The National Weather Service issued an advisory for Tropical Storm Otto, located far to the north and no threat at all to Florida, at 4 p.m. on Tuesday, Nov. 30.

Late-season tropical storms are unusual. Late-season hurricanes are rare.

The last one was recorded in 2001, a year described by officials at the National Weather Service, as "one of the more active ones on record, with 15 named storms, 9 hurricanes and 4 intense hurricanes."

An intense hurricane is one rated at more than a category 3. A category 3 storm has winds between 111 and 130 mph and storm surge generally 9 to 12 feet above normal, according to the National Oceanic & Atmospheric Administration.

According to season wrap-up released by NOAA on Nov. 30, the 2004 Atlantic hurricane season was "one for the record books."

The season totaled nine named storms - three tropical storms and six hurricanes - not counting Otto, which strengthened into a tropical storm after NOAA released its count.

Compared to 2001, the season doesn't seem so bad. But for Floridians, labeled "nature's favorite target" by NOAA officials, it is a season to be remembered for a long time. Four of the six hurricanes, Charley, Frances, Ivan and Jeanne, and tropical storm Bonnie made landfall in the state during 2004.

"During late summer it seemed that each day's headlines highlighted the impact of the hurricane season," said Brig. Gen.

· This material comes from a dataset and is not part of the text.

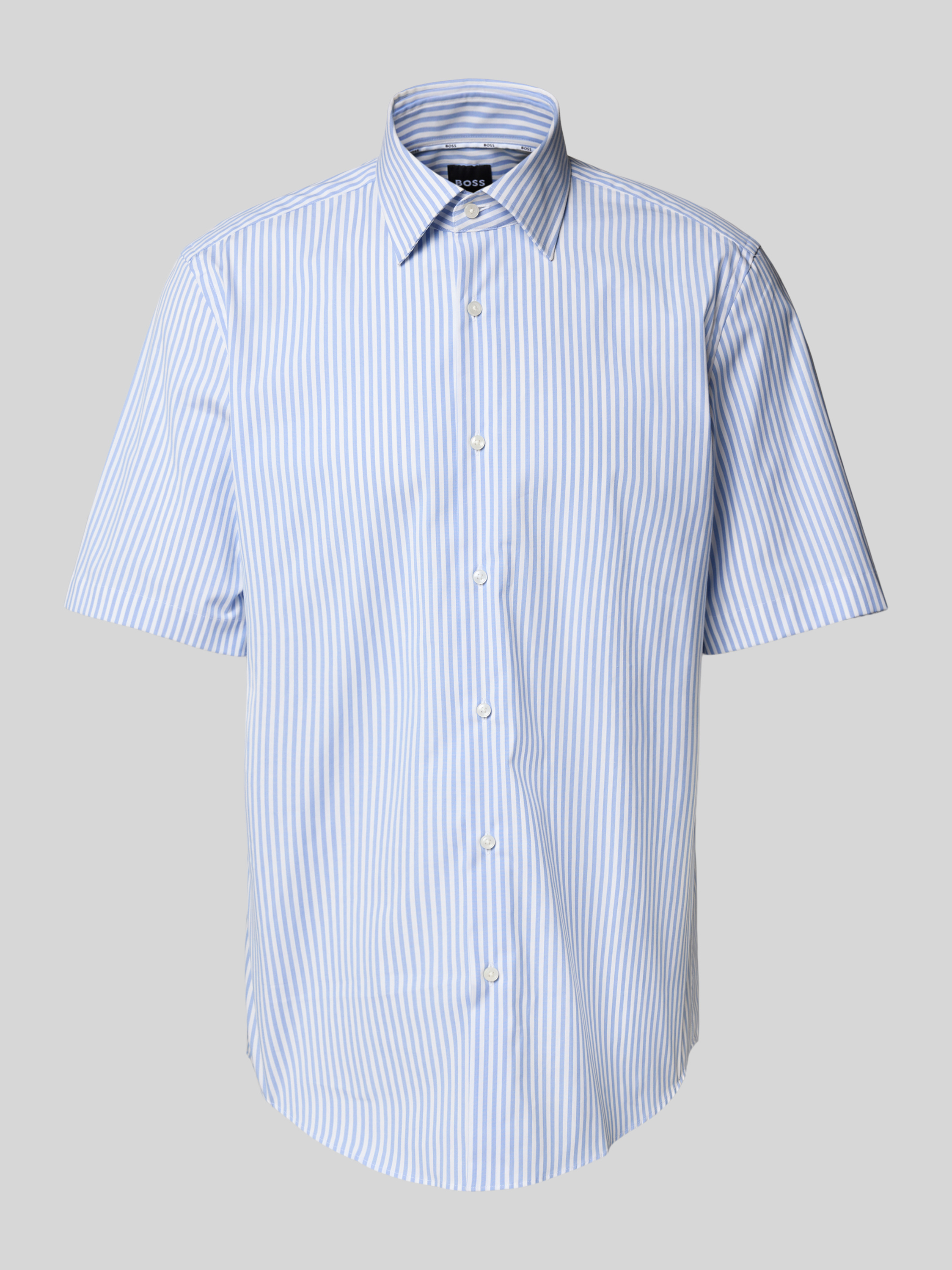 Das Regular Fit Kurzarmhemd von BOSS, Modell 'Joe', überzeugt durch einen angenehmen Baumwoll-Mix mit Stretch-Anteil. Der Kentkragen verleiht eine klassische Note, während der abgerundete Saum für eine bequeme Passform sorgt. Ideal für lässige Anlässe und warme Tage.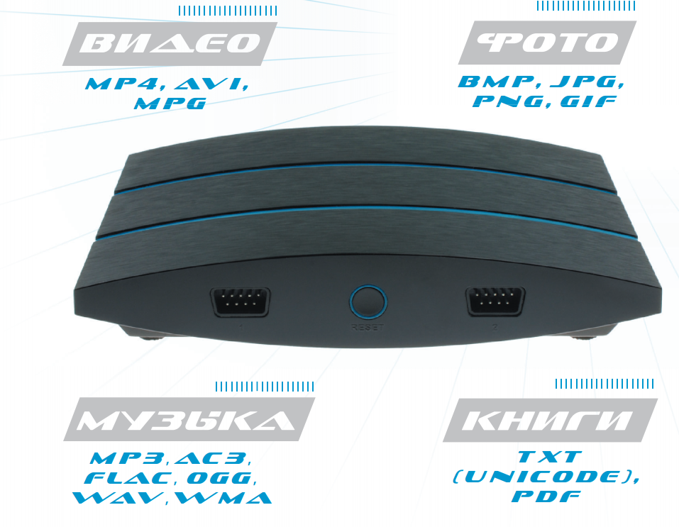 Мультимедиа платформа игровой видеоприставки позволяет просматривать изображения, видеоролики, электронные книги, а также прослушивать музыку популярных форматов.

David L. Johnson, director of NOAA.

During August, eight weather systems reached tropical strength, breaking the records set in 1933 and 1995 of seven.

"What could not be anticipated this season was the high number of U.S. landfalling hurricanes," Johnson said in a release. "On average, the U.S. experiences two to three landfalling hurricanes during above-normal hurricane seasons, well below the eight landfalls recorded this year."

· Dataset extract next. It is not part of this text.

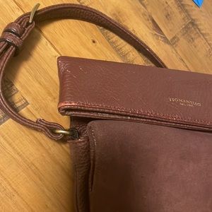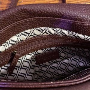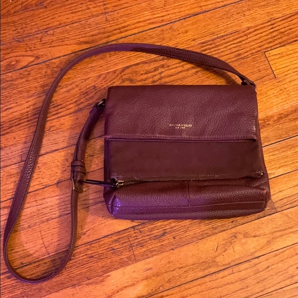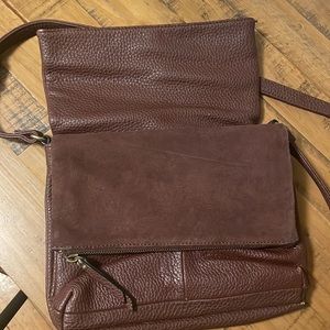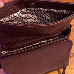 Dark maroon crossbody strap purse. Has a back outside pocket, a large zipper close flap pocket, a large button close flap pocket, and then the main purse compartment that has a zipper pocket inside, 2 little pockets inside and credit card slots with RFID protection. Lots of organization for storage!
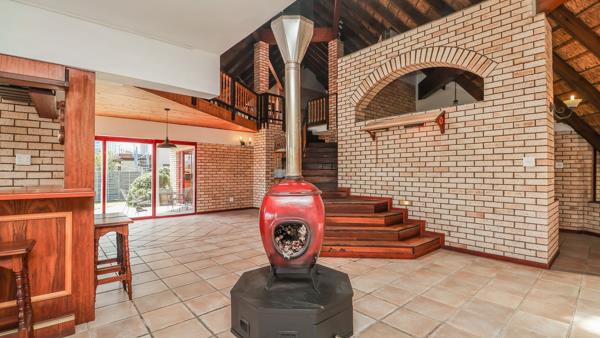 Inside, the open-plan living zone centres around a beautiful ceramic fireplace. A built-in bar opens to the patio for seamless hosting, while the kitchen impresses with granite countertops, solid Brazilian Yellowwood cabinetry, and generous scullery and pantry spaces. A large study, inverter system, and automated irrigation add thoughtful practicality to the homes sophisticated charm.

The year 2004 broke another record. This is the first time ever - as far as the records go to 1851 - four hurricanes have made landfall in Florida. Texas is the only other state to come close and that was in 1886.

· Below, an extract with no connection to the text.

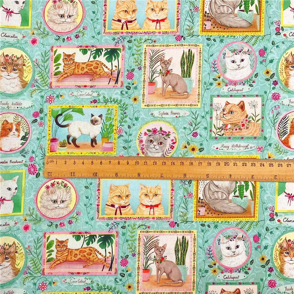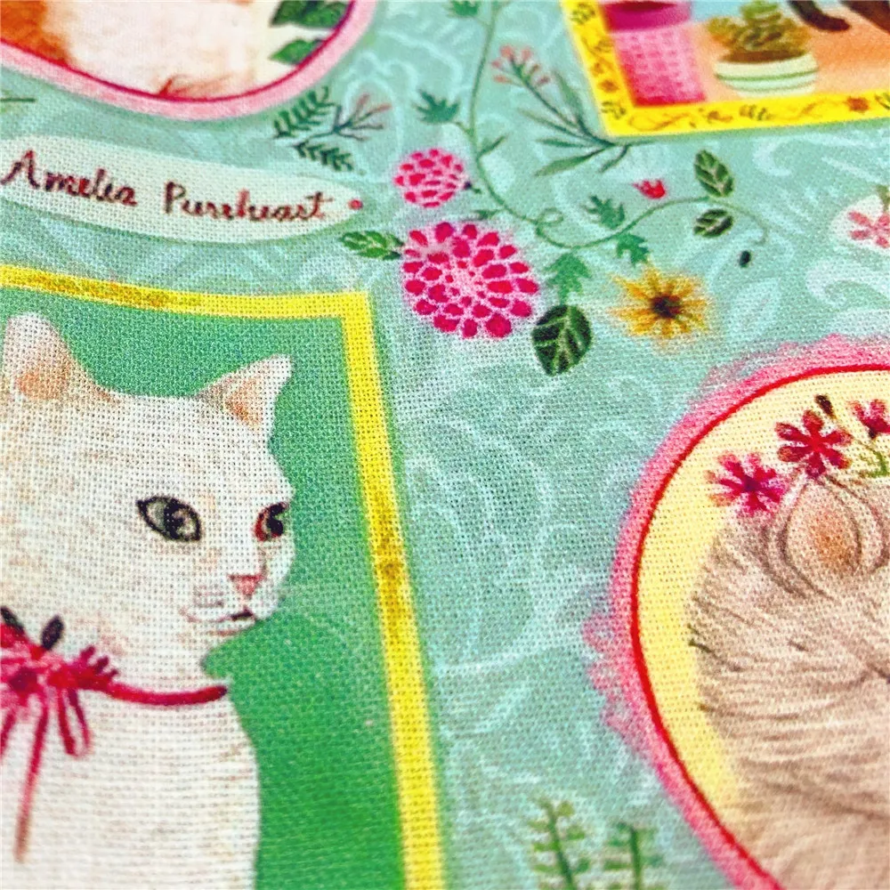Photo Frame Floral Cat Print Fabric

NOAA reports that property damage estimates for the state will be more than the $34.9-billion - the amount of damages caused by Hurricane Andrew. It also estimated that as many as 9.4 million residents were evacuated from their homes in 2004 because of hurricanes.

Click here for information about a meeting with FEMA on damages from this year's hurricanes.

"The 2004 season was one to tell your grandchildren about," said Max Mayfield, director of NOAA's National Hurricane Information Center, in a release. "I believe, and stress at every opportunity, that residents should have a plan, stay informed and act when told to do so by their local officials. We should mark Nov. 30 not as the end of the 2004 hurricane season but the beginning of the six months we have to prepare for next season."

Tropical Storm Otto

It's still unknown whether or not Otto will build enough power to be upgraded to a hurricane. If it does, it will be a rare occurrence.

According to a story published by USA Today on Nov. 5, 2001, Hurricane Michelle was the first major Atlantic Basic hurricane in November since 1999 and the sixth major hurricane recorded in the month since 1900. Of the four hurricanes that made landfall in the United States since 1900 - all hit Florida.

USA Today's record of November hurricanes since 1900 is as follows.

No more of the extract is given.